Jeffrey Martinson, who spent nine years in custody for the death of his son in 2004, was released in November after a judge ruled that misconduct by the prosecutor in the case was too much to overcome.
The decision has far-reaching implications: Because Martinson’s verdict was overturned with prejudice, he cannot be retried for murder without invoking double jeopardy.
And despite an Arizona Court of Appeals ruling in 2012 that the prosecution could re-indict Martinson on different charges, the trial judge found that prosecutorial misconduct precluded filing new charges.
Martinson was charged with first-degree felony murder in 2011 for killing his son with muscle relaxant pills.
According to Martinson, he found his 5-year-old son, Josh, floating in the bathtub in 2004 and tried to save him but ultimately failed. Martinson said he then tried to kill himself. Autopsy reports, however, found muscle relaxants in the boy’s system. Based on the new evidence, Martinson reasoned his son must have taken the pills, thinking they looked like candy.
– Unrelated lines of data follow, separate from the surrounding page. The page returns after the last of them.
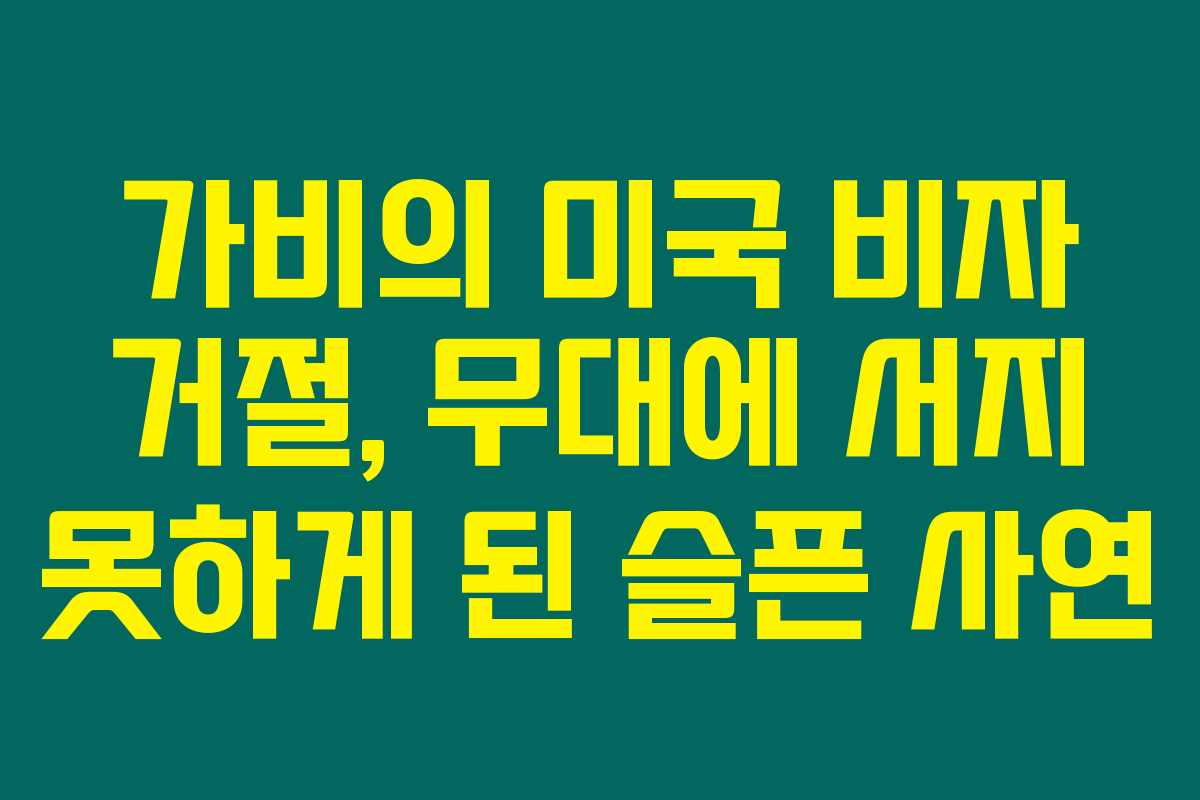 가비가 지원했던 비자가 무엇인지에 대한 구체적인 정보는 알려지지 않았지만, 비자 심사에서 불합격이 될 경우 여러 가지 요인이 작용할 수 있습니다. 저는 비자 신청 시 필요한 서류들, 재정 능력, 그리고 이전의 여행 기록 등 다양한 요소가 영향을 미친다고 느꼈어요.
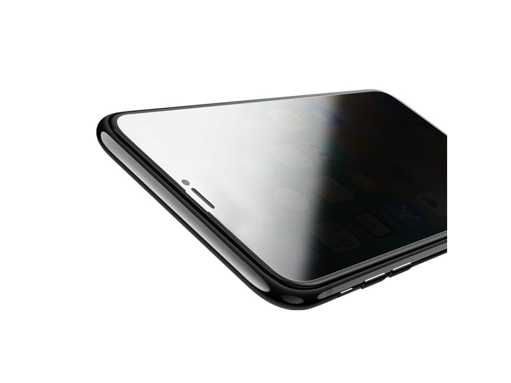 Ochranné sklo na iPhone XS MAX / 11 Pro MAX je obdařeno šikovnou vychytávkou v podobě Anti-Spy ochrany. Ta funguje ve všech směrech a abyste viděli na displej, je potřeba se na telefon dívat zpříma. Jakmile se někdo bude dívat ze strany nebo třeba shora, uvidí jen černou obrazovku.
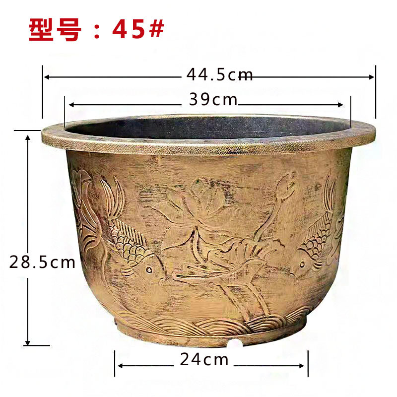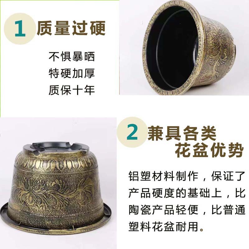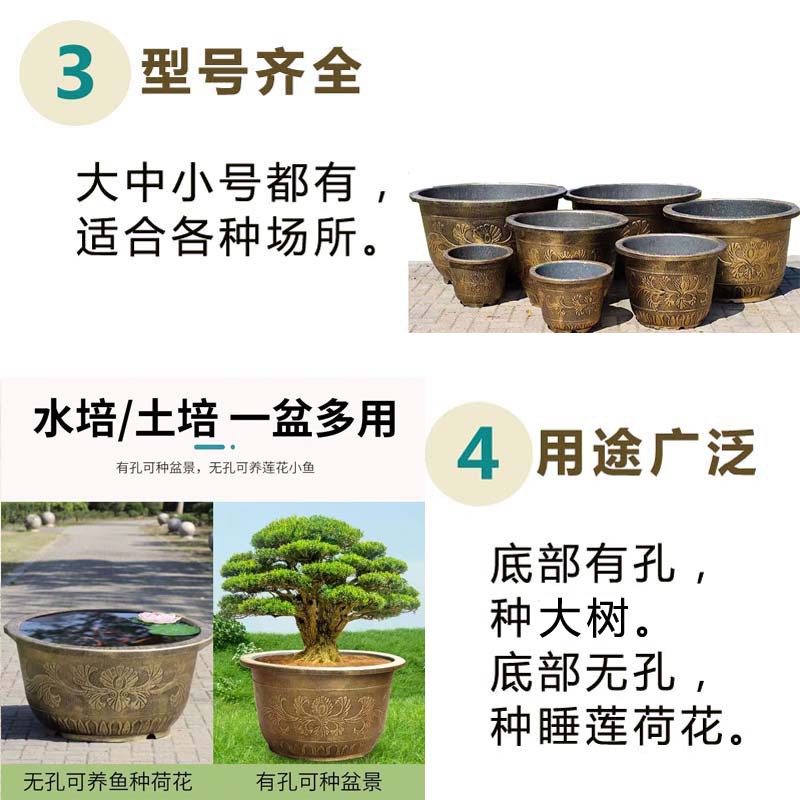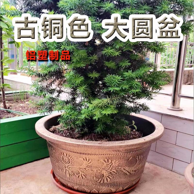 청동 두꺼운 수지 큰 나무를위한 옥외 특별한 화분 구멍이있는 둥근 알루미늄 플라스틱 화분 비 다공성 수경 화분스토어 가기
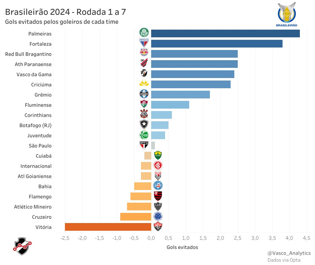 Brasileirão 2024 - Rodada 1 a 7 - Gols evitados pelos goleiros de cada equipe

In 2011, a jury found Martinson guilty – a verdict that allowed for the death penalty. But one juror came forward before Martinson could be sentenced, stating that the forewoman forced other jurors into finding Martinson guilty. The guilty verdict was thrown out in March 2012 and by that fall, Martinson was facing new charges.
Martinson was ordered released from jail after Judge Sally Duncan ruled that the prosecutors’ actions had resulted in a “a win-by-any-means strategy.”
Duncan’s 28-page ruling detailed the conduct of the prosecution, including Deputy Maricopa County Attorney Frankie Grimsman, and concluded that their actions had demonstrated “a pattern and practice of misconduct designed to secure a conviction without regard to the likelihood of reversal”
Several things factored into Duncan’s decision:
– Martinson had been charged with felony murder, with the prosecution arguing that the boy had died as a result of child abuse. Despite the charge, prosecutors tried the case as if Martinson were charged with intentional, premeditated murder. Several times over the course of the trial, Grimsman was warned by the trial judge not to continue with the premeditated course of action.
– After the first conviction was thrown out because of improper testimony and juror misconduct, Grimsman then tried to re-indict Martinson on premeditated murder charges.
– Grimsman then repeatedly tried to have both Duncan and Martinson’s defense attorneys removed.